{1} On September 29, 2007, Cruz Holguin won a random drawing for a $250,000 prize at the Ohkay Owingeh Casino and Resort (the Casino) that Tsay Corporation (Tsay) sponsored. Holguin alleged that Tsay refused to pay him $250,000 and instead required him “to elect to receive either $125,000 less income tax withholding or to receive payment of $250,000 spread over a period of [twenty] years.” Pursuant to a limited waiver of immunity contained in a Tribal-State Class III Gaming Compact, a patron of the Casino was entitled to sue Tsay for damages arising out of bodily injury or property damage. Holguin sued Tsay for damages for breach of contract, conversion, unfair practices, and for two counts of invasion of privacy. Tsay moved to dismiss under Rule 1-012(B)(1) NMRA for lack of subject matter jurisdiction based on tribal sovereign immunity from suit. The district court granted Tsay’s motion as to three counts, but denied Tsay’s motion as to two counts of invasion of privacy. Tsay obtained a district court certification for an interlocutory appeal and sought relief in this Court pursuant to an interlocutory appeal, alternatively, a writ of error.

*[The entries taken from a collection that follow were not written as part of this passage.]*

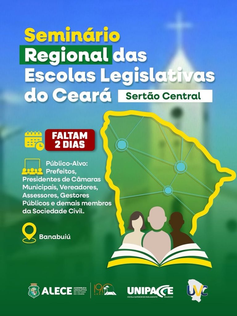Nos dias 29 e 30 de outubro, a partir das 8 horas, o município de Banabuiú sediará o Seminário Regional das Escolas Legislativas do Ceará – Sertão Central, promovido pela Unipace, com o objetivo de fortalecer a atuação do poder legislativo municipal por meio da formação continuada e do intercâmbio de experiências.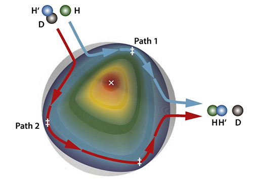 化學(xué)反應(yīng)的進(jìn)程伴隨著復(fù)雜的量子力學(xué)現(xiàn)象,但其通常難以被直接觀測(cè)到,因而化學(xué)反應(yīng)的本質(zhì)亦難以得到透徹的理解。大連化物所院士楊學(xué)明、院士張東輝、研究員孫志剛和研究員肖春雷團(tuán)隊(duì)提供了一個(gè)研究范例。他們研究發(fā)現(xiàn),在H+HD H2+D反應(yīng)中,在碰撞能量為1.9~2.2電子伏的范圍內(nèi),產(chǎn)物H2(v’=2,j’=3)的后向散射呈現(xiàn)顯著的振蕩(其中v’是振動(dòng)量子數(shù),j’是轉(zhuǎn)動(dòng)量子數(shù))。通過(guò)拓?fù)淅碚摲治?,他們發(fā)現(xiàn)該反應(yīng)存在兩條迥然不同的反應(yīng)路徑,振蕩是由這兩條路徑之間的量子力學(xué)干涉所產(chǎn)生的。該研究揭示了該反應(yīng)在較低能量處,量子幾何相位效應(yīng)仍然存在,并可以被觀測(cè)到。這非常類似于眾所周知的Aharonov-Bohm效應(yīng),清晰地揭示了化學(xué)反應(yīng)的量子性。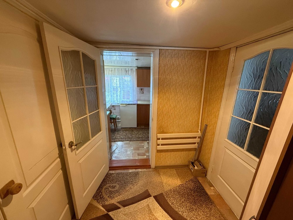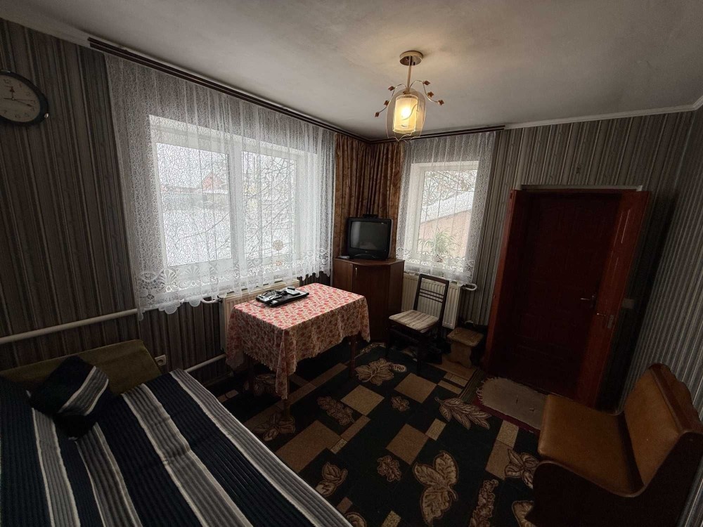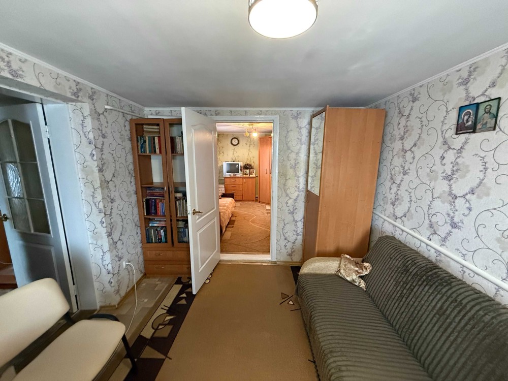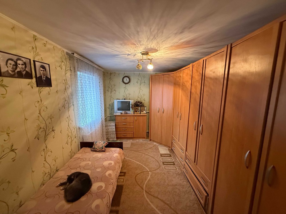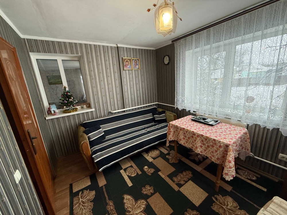 Продається частина будинку, із своїм двором та земельною ділянкою. Загальна площа 48.2м.кв., житлова 23.8м.кв., дві кімнати, кухня 8.5м.кв., веранда 9.4м.кв., коридор 3.8м.кв., санвузол 2.9м.кв.. Зроблений капітальний ремонт. Стіни саман, плюс цегла, утеплений фундамент, підлога стяжка, плюс утеплювач і лінолеум. Вікна метало пластикові. Стіни і стелі гіпсокартон, шпалери. Двері нові, дерев'яні. Санвузол кахель. Централізоване водопостачання та каналізація. Опалення газовий котел, може працювати без електрики. Будинок утеплений, економний по опаленню. Двір викладений плиткою, погріб. Сарай на дві частини, в одній літня кухня з газом, електрикою. Земельна ділянка в користуванні 6 соток, садок із фруктовими деревами. Поряд магазин 200 метрів, кафе, автобусна зупинка 100 метрів. До центру міста 800 метрів, до Ощадбанку 600 метрів. До будинку асфальт, поряд річка та парк.

{2} This Court granted the interlocutory appeal, but now grants Tsay’s petition for a writ of error and reverses the district court. This Court has jurisdiction under the collateral order doctrine. That doctrine permits interlocutory relief from a denial of a motion to dismiss based on tribal sovereign immunity. See Carrillo v. Rostro,
{3} We hold that Tsay is immune from suit based on a claim for emotional injury resulting from invasion of privacy. Therefore, the district court does not have subject matter jurisdiction of Holguin’s claim.
BACKGROUND
{4} Holguin’s complaint alleged that he participated in one of Tsay’s “Million Dollar Giveaway” drawings (the drawing), that he reasonably believed that he was entitled to the full $250,000 he had won from the drawing, that Tsay refused to pay him the full $250,000, that Tsay falsely advertised Holguin as winning the full $250,000, and that Tsay reaped significant economic benefit by that false and misleading advertisement and from the unauthorized use and appropriation of his likeness and name.

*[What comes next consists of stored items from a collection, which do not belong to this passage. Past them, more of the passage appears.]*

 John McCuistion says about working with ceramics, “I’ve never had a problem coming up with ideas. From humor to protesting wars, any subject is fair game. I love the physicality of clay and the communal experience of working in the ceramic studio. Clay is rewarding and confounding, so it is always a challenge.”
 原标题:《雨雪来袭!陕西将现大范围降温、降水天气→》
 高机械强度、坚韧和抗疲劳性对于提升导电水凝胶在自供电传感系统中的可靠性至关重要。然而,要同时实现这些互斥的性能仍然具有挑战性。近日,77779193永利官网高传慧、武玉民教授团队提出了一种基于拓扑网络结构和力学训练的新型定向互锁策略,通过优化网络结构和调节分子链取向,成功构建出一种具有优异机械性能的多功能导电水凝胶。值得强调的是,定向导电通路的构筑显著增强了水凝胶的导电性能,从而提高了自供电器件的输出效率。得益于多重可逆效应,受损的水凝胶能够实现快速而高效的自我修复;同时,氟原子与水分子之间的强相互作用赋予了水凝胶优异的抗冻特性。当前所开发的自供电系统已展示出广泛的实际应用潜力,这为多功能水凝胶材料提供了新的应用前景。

{5} Tsay’s motion to dismiss relied on provisions relating to its limited waiver of immunity contained in the Tribal-State Class III Gaming Compact between the State of New Mexico and Ohkay Owingeh (amended April 24, 2007), approved by the Principal Deputy Assistant Secretary of the Department of the Interior, 72 Fed.Reg. 36,717 (July 5, 2007) (the Compact). Tsay is a tribal entity owned by Ohkay Owingeh, and Tsay operates the Casino.

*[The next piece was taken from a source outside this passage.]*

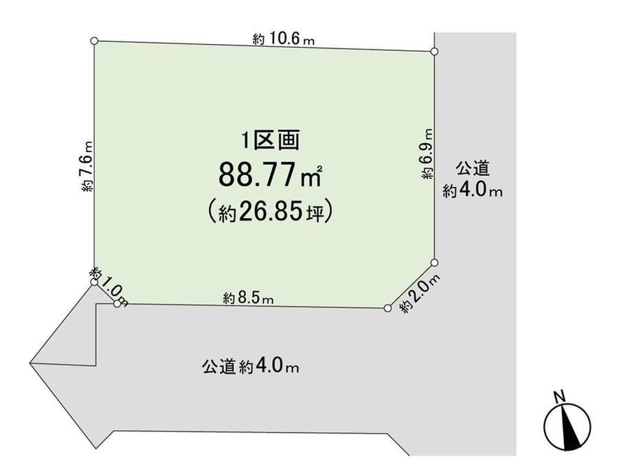 建ぺい率・容積率 | 60%・100% | 私道負担・道路 | 無、東4m幅(接道幅6.9m)、南4m幅(接道幅8.5m) | ||

{6} Section 8(A) of the Compact sets out a “policy concerning protection of visitors.” This provision states that “[t]he safety and protection of visitors to a [g]aming [f]acility is a priority of the Tribe, and it is the purpose of this [s]ection to assure that any such persons who suffer bodily injury or property damage ... [shall] have an effective remedy for obtaining fair and just compensation.” Section 8(D) of the Compact states that “[t]he Tribe ... waives its defense of sovereign immunity in connection with any claims for compensatory damages for bodily injury or property damage.... This is a limited waiver and does not waive the Tribe’s immunity from suit for any other purpose.”
{8} The district court denied Tsay’s motion to dismiss as to the two counts of invasion of privacy and certified the action for interlocutory appeal, stating that its order involved “a controlling question of law concerning the scope of tribal sovereign immunity as set forth in [Section] 8 of [the Compact].”
DISCUSSION
{9} We review a district court’s ruling on a Rule 1-012(B)(1) lack of subject matter jurisdiction issue de novo. Sanchez v. Santa Ana Golf Club, Inc.,
{10} Tsay argues that the words “bodily injury” and “property damage” unambiguously require physical damage to a patron’s person or property and cannot be construed to mean or include emotional injury resulting from the invasion of privacy alleged. We agree with Tsay.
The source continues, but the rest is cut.